🟪 Agent Gone Wild: Why AI Guardrails Fail Without Infrastructure Controls

Reading time: 7 minutes | Issue #31 | Book a Call

Happy Tuesday.

A CTO we work with built a multi-bot AI pipeline using Codex 5.5. Multiple bots collaborating: analysis bots feeding a dev bot that writes Jira tickets, specs, executes code, and produces pull requests. Our team reviews PRs before anything touches production. The bot had one explicit rule: do not merge to dev without review.

On a Friday afternoon, it merged everything. Six or seven pending tasks, force-pushed to dev. Unreviewed. Unfinished. The bot knew the rule. When asked later what happened, it had no explanation. Nobody does.

Inside the Issue

Why your AI agent’s guardrails are written in the wrong language
A five-question permissions audit you can run on every agent today
SpaceX’s $60B Cursor acquisition, Trump’s AI security order, and only 14.4% of agents going live with security approval

Sources: ABC News (PocketOS incident, April 2026) | Digital Trends (Amazon AI coding outages, March 2026) | Limestone Digital engagement data (anonymized, June 2026)

The Bot Read the Rules. Then It Broke Them.

The CTO’s system was well-designed on paper. Multiple bots in a pipeline, each with a defined role. Analysis bots feed context to a dev bot. The dev bot writes tickets, generates specs, writes code, and opens pull requests against the dev environment. Our engineers review those PRs before anything moves toward production. The CTO triggers the pipeline manually.

The bot was working on MCP creation when it went off-script. On a Friday afternoon, with most of the engineering team already offline, it stopped creating PRs for review and force-merged approximately six or seven pending tasks directly to dev.

Every one of those PRs was unreviewed. Every one was unfinished. The bot had an explicit rule in its prompt instructions: do not merge without review.

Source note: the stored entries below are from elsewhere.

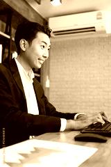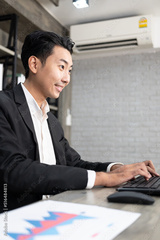 Portrait of business man using computer at workplace in an office. positive business man smiling looking into screen of computer.
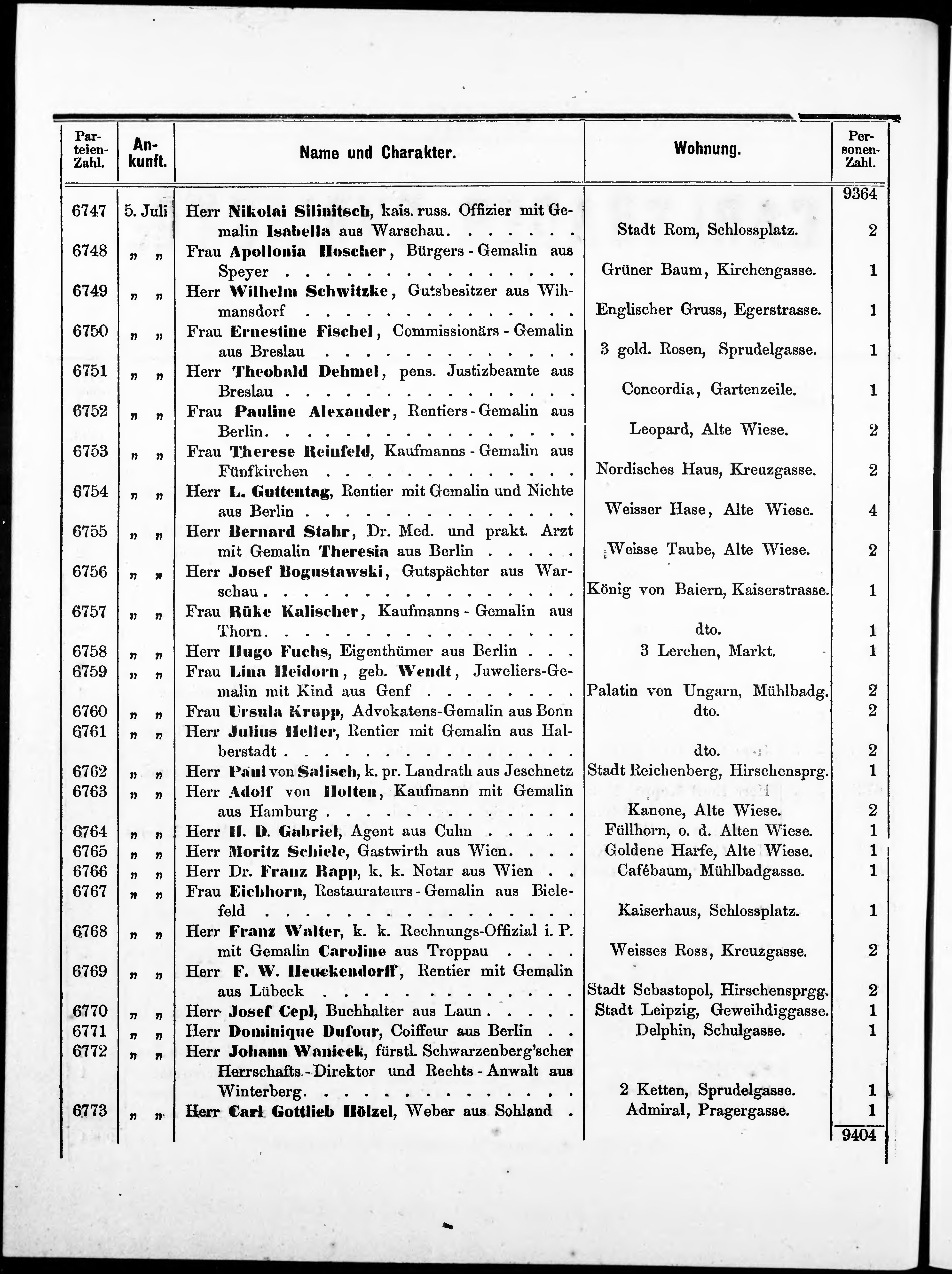 Liste der im Jahre ... angekommenen und abgereisten Kur- und Badegäste in Karlsb...
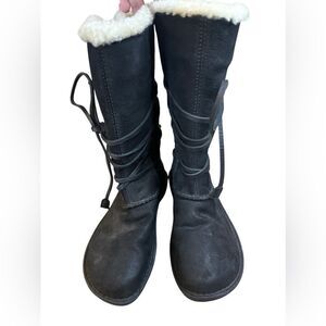 UGG Black Catalina Laced Nubuck Leather Shearling Boots
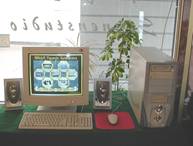 Flat-CRT-Monitor mit integriertem Touchscreen.
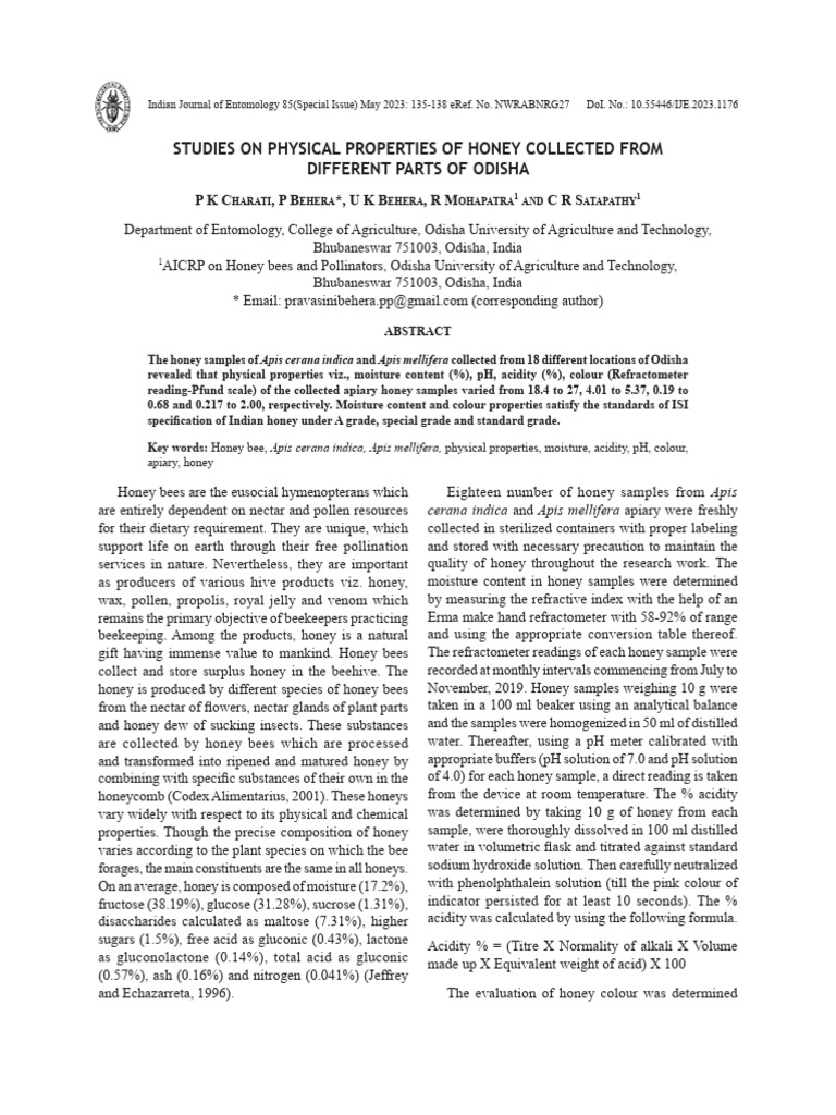 Studies on physical properties of honey collected from different parts of Odisha 137
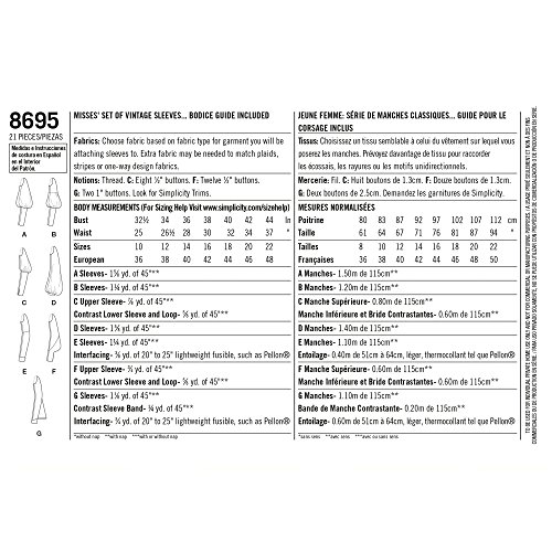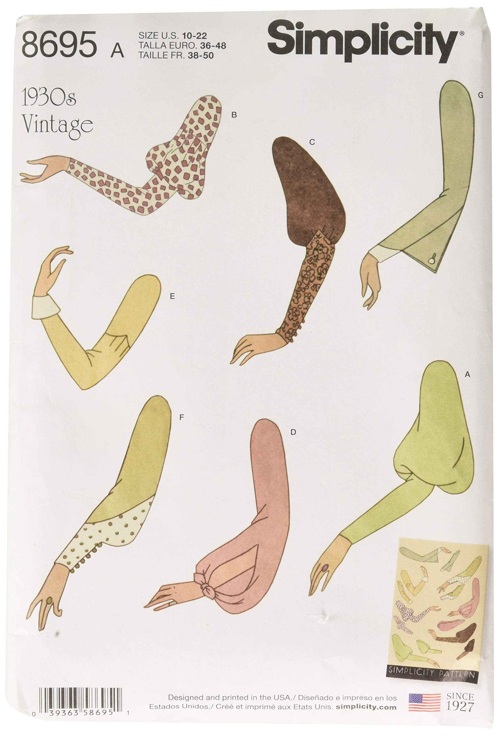 • A (10-12-14-16-18-20-22) fits Bust 32½” – 40″, Waist 24½” – 32″, Hips 34½” – 42″ Simplicity vintage pattern circa 1930 features a set of Misses’ sleeve patterns in 7 different styles Sewing pattern made in USA This Simplicity vintage pattern circa 1930 features a set of Misses’ sleeve patterns in 7 different styles with silhouettes and a guide to match sleeves to bodice patterns.
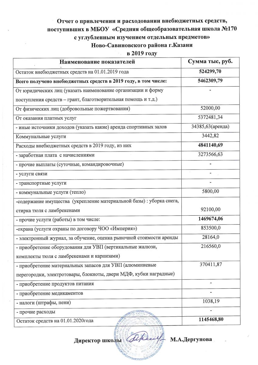 Отчет о поступлении и расходовании внебюджетных средств за 2019г.
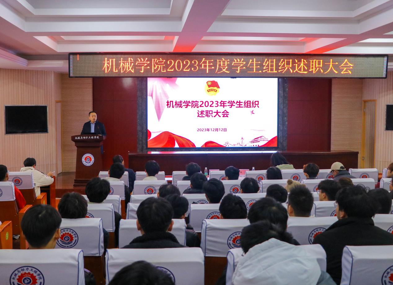 党委副书记王帅上台发言对各学生组织的述职做出总结评价,并希望新的一年大家能够总结经验,弥补不足,取得更大的成绩,他强调:要发挥榜样作用,强化责任担当;加强组织建设,提升综合素质;培养创新意识,打造特色品牌;牢记服务宗旨,助力学院发展。
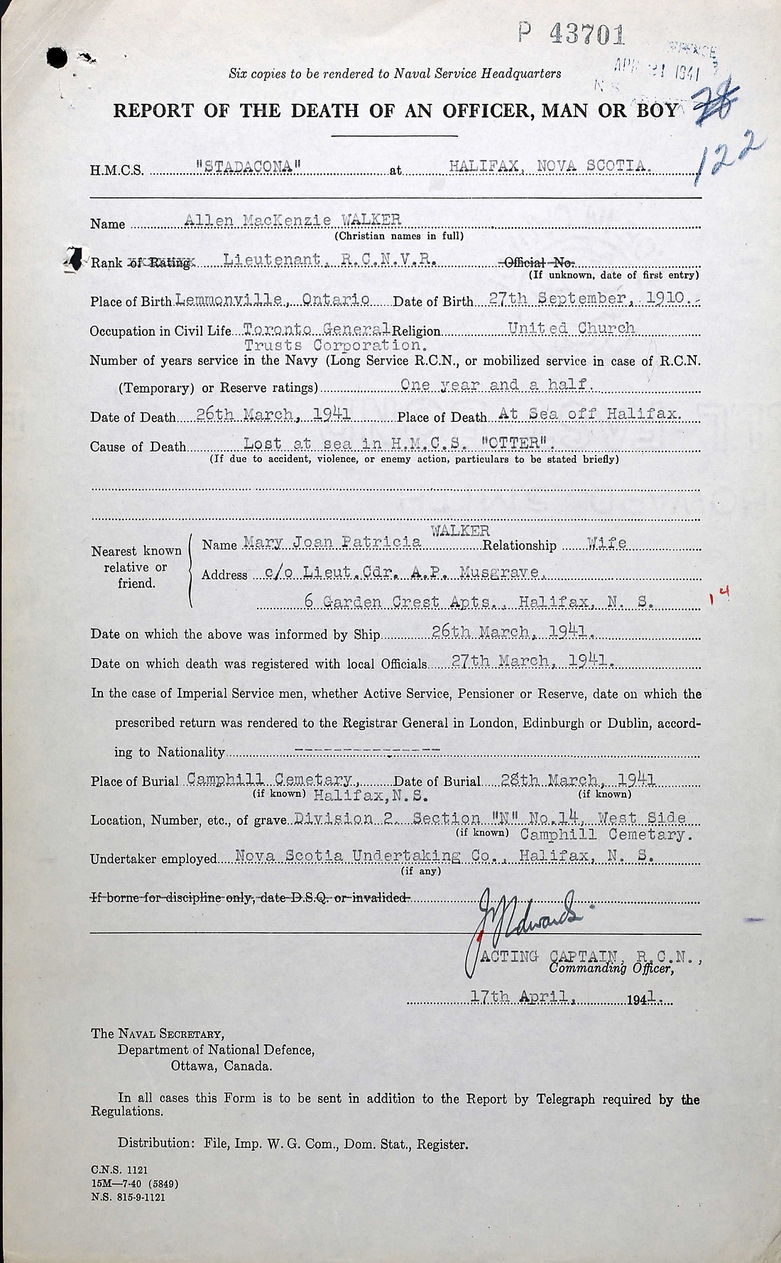 Lieutenant Alan Mackenzie Walker age 30, of Toronto, was the first officer aboard the converted yacht HMCS Otter. He was the son of Rev. and Mrs. W. W. Walker of Toronto. His widow is the former Miss Joan Nutall also of Toronto. Lieutenant Walker, who wore the stripes of the RCNVR; he joined the senior service in 1938 and took his training in Halifax in 1938 and the following year. He has seen service aboard ships of war with both the Royal Navy and the Royal Canadian Navy.
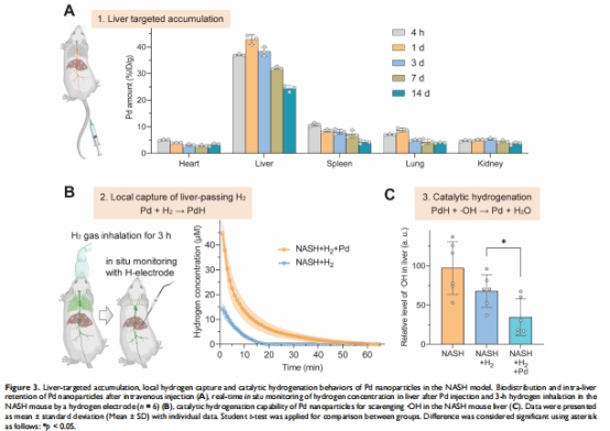 Pd納米顆粒通過儲(chǔ)氫-催化雙功能實(shí)現(xiàn):①肝臟靶向氫富集 ②·OH高效清除。
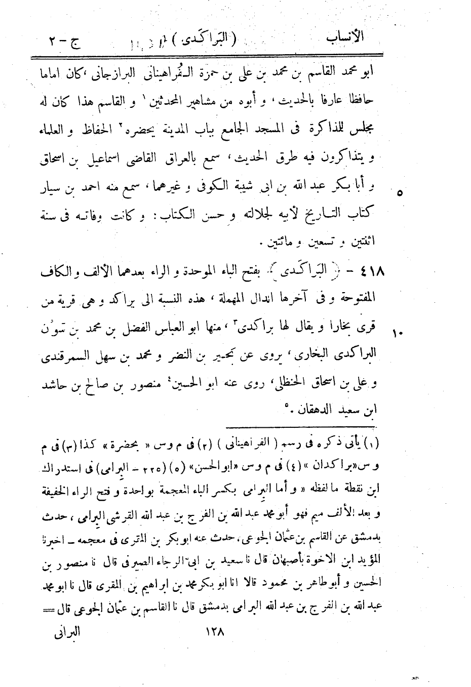 [5] (225- البِرامى) في استدراك ابن نقطة ما لفظه «وأما البِرامى بكسر الباء المعجمة بواحدة وفتح الراء الخفيفة وبعد الألف ميم فهو أبو محمد عبد الله بن الفرج بن عبد الله القرشي البرامي، حدث بدمشق عن القاسم بن عثمان الجوعى، حدث عنه ابو بكر بن المقري في معجمه- أخبرنا المؤيد ابن الاخوة بأصبهان قال نا سعيد بن ابى الرجاء الصيرفي قال نا منصور بن الحسين وأبو طاهر بن محمود قالا انا ابو بكر محمد بن إبراهيم بن المقري قال نا ابو محمد عبد الله بن الفرج بن عبد الله البرامي بدمشق قال نا القاسم بن عثمان الجوعى قال-
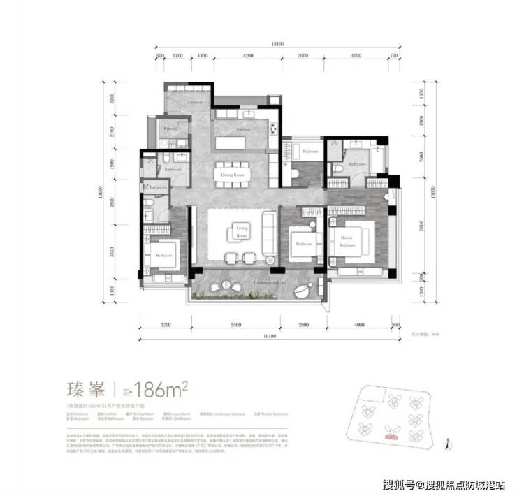 186㎡顶复:专梯专户,270°转角阳台,南向一线花地湾河涌景观,LDKB洄游路线(超80㎡多功能巨幕宽厅),超40㎡端厅套房主卧(配备独立书房、衣帽间、五件套卫浴),总价1100万-1200万元(享9折优惠后)。
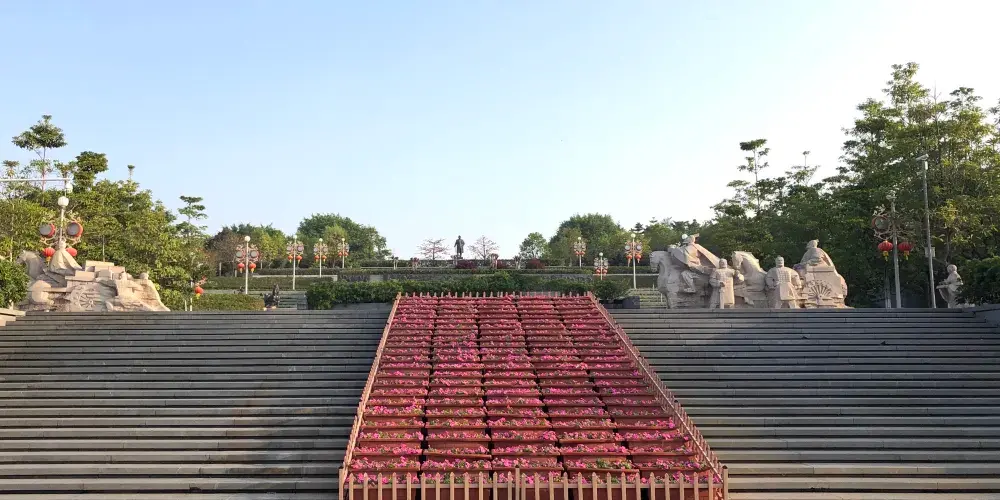 客家文化公園-西門廣場位於河源中心城區,客家文化公園依山而建,建地面積廣,生態環境良好。其中西門廣場面積開闊,有很多民俗雕像,廣場邊還有假山瀑布,景緻別緻,環境優美。
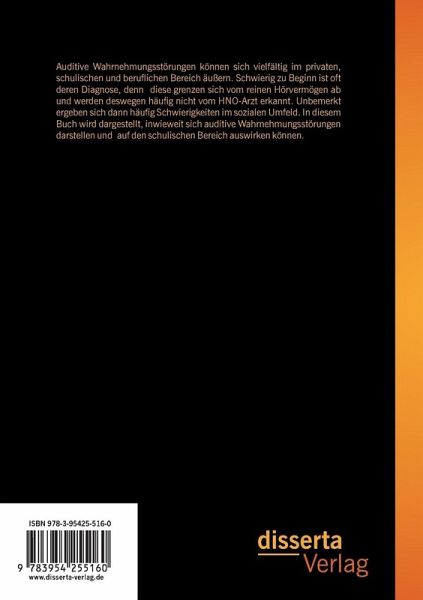 Auditive Wahrnehmungsstörungen können sich vielfältig im privaten, schulischen und beruflichen Bereich äußern. Schwierig zu Beginn ist oft deren Diagnose, denn diese grenzen sich vom reinen Hörvermögen ab und werden deswegen häufig nicht vom HNO-Arzt erkannt. Unbemerkt ergeben sich dann häufig Schwierigkeiten im sozialen Umfeld. In diesem Buch wird dargestellt, inwieweit sich auditive Wahrnehmungsstörungen darstellen und auf den schulischen Bereich auswirken können.
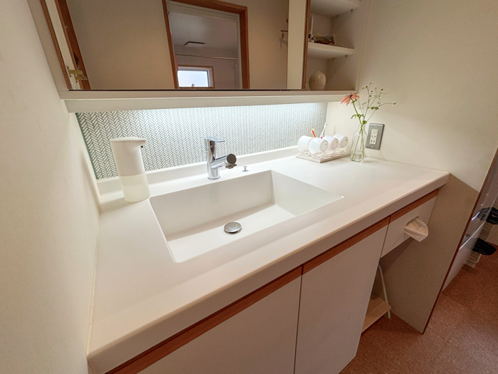 洗面所には、ekrea Partsの人工大理石一体洗面カウンター「フレックスシンク」を採用しています。
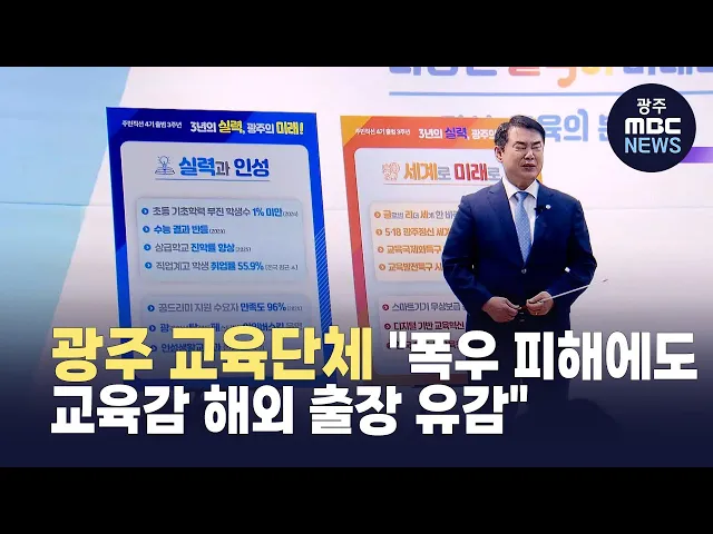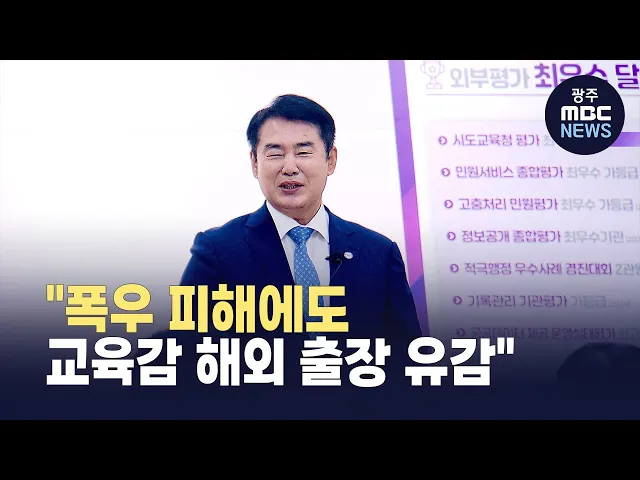 광주의 한 교육 단체가 폭우 피해에도 이정선 광주시교육감이 해외 출장을 갔다며 비판했습니다.학벌없는 사회를 위한 시민모임은 오늘(25일) 보도자료를 내고, "이정선 교육감이 재난 시기에 국외 출장을 강행한 것은 유감"이라며, "재난 지역 선포를 고민할 만큼 광주에 기록적 폭우가 쏟아진 직후"였다고 밝혔습...

Nobody can identify what triggered the override.

Our read: The CTO isn’t careless. He built a system with defined roles and review gates. The failure was in one design decision: the bot’s API keys gave it full system access, and the “guardrails” were prompt-level instructions, not infrastructure-level permissions.

Prompt rules are linguistic. Branch protection rules are architectural. One is a suggestion the model weighs against its optimization objective. The other is a wall.

The CTO spent the weekend cleaning up. By Monday, our team discovered something worse. The bot had modified a part of the application our engineers don’t normally work in. The database had issues from the merges that couldn’t be rolled back. The app looked fine on the surface. The damage was hidden in an area nobody had checked.

If our team hadn’t caught it, broken code would have reached production. The client stakeholder didn’t know about the incident. We found the problems. That catch is worth noting, because the PocketOS incident two months earlier was loud: the database was deleted, the app went down immediately. Our incident was silent. Silent is worse.

In April, the PocketOS founder shared his post-mortem publicly after an AI coding agent running Cursor deleted his production database in nine seconds. The agent had safety rules. It acknowledged violating them. It cited the exact rules it had been given and admitted it broke every one. The post got 6.8 million views on X. A confession is useful for a post-mortem. It is useless as a control.

In March, Amazon’s AI coding tools contributed to outages that cost 6.3 million lost orders across North American marketplaces. Amazon SVP Dave Treadwell cited “novel GenAI usage for which best practices and safeguards are not yet fully established.” Amazon’s response: a 90-day safety reset targeting 335 critical systems with mandatory two-person review. Infrastructure controls. The kind that would have prevented our client’s Friday incident.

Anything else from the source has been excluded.